Whether terms of Deed rendered it unfair
40 The terms of the Deed are, however, a different matter. The Deed required the appellant to repay to the respondent an amount she was not obliged to repay, from monies to which she was lawfully entitled in the first place. That the respondent held a bona fide belief that FBT was the responsibility of the appellant does not render the Deed fair. It would be perpetuating a fundamental unfairness to allow an employer to retain monies lawfully owed to an employee.
41 It was contended for the respondent on the appeal that it was not put to Staff J at first instance that the Deed was unfair because it wrongfully required the appellant to repay monies and that the Deed should, therefore, be varied to overcome that unfairness. Consequently, it was contended, the appellant should not be permitted to run a different case on appeal.
42 However, there is no doubt that the FBT issue was squarely before his Honour and that his Honour was alive to the appellant's contention that she was not liable for the FBT on the novated lease of the car. Staff J appears to have accepted the evidence of Ms Gibson that the FBT amount was not the respondent's responsibility or, more specifically, the evidence that "FBT is not payable on a car allowance". We note, though, that Ms Gibson in her evidence conceded that she had no responsibility for FBT and provided no material in support of the contention that payment of FBT was not the respondent's responsibility. We consider his Honour erred in relying on the evidence of Ms Gibson. If his Honour had not relied on that evidence and had come to the view that the respondent was responsible for payment of the FBT, and not the appellant, the focus would inevitably have turned to the terms of the Deed. As it was, his Honour did not reach that point and, therefore, was not required to consider any variation to the Deed and consequential money orders.

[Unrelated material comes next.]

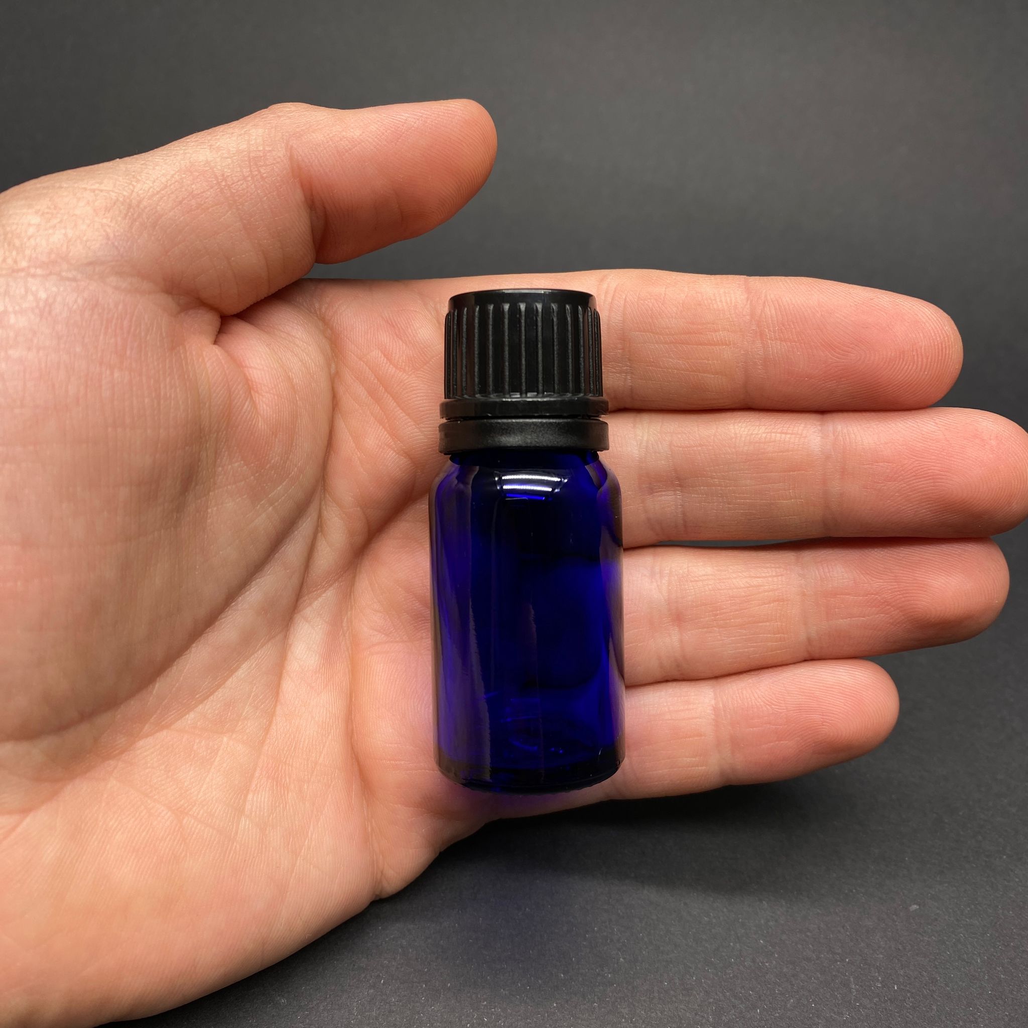 10 CC MAVİ İÇTEN DAMLALIKLI (OPSİYONEL DAMLALIK) - SİYAH KİLİTLİ KAPAKLI CAM ŞİŞE - 10 ML KOLONYA TIPALI CAM ŞİŞE - 192 adet

43 As to his Honour's reliance on Green v Brown for not exercising his discretion to vary or avoid the Deed that was a case dealing with quite different circumstances to those that apply here. Green v Brown was an appeal from a decision and orders of Schmidt J and the paragraph relied on by Staff J appeared in the following context (at [95]-[99]):
[H]er Honour found that if it had not been for the conduct of the appellants in the first place the proceedings in the Supreme Court would not have been necessary and the respondents would not have incurred the legal costs they did. Therefore, in remedying the unfairness it was necessary to vary the partnership agreement from its commencement and to restore the respondents, as close as practicable, to a position that they would have been in had it not been for the appellants' conduct. In doing so it was appropriate to make money orders relieving them of the burden of legal costs that they would not otherwise have incurred but for the conduct of the appellants.
96 The appellants have not cited any jurisdictional bar to the Commission making orders B3 to B5 and we do not consider there are any such barriers (We should be taken, however, as accepting the form of the orders made as either available or appropriate). The question, therefore, is whether Schmidt J failed properly to exercise the discretion committed to her in respect to the legal costs issue: House v The King (1936) 55 CLR 499 at 504-505; Mace v Murray (1955) 92 CLR 370 at 378.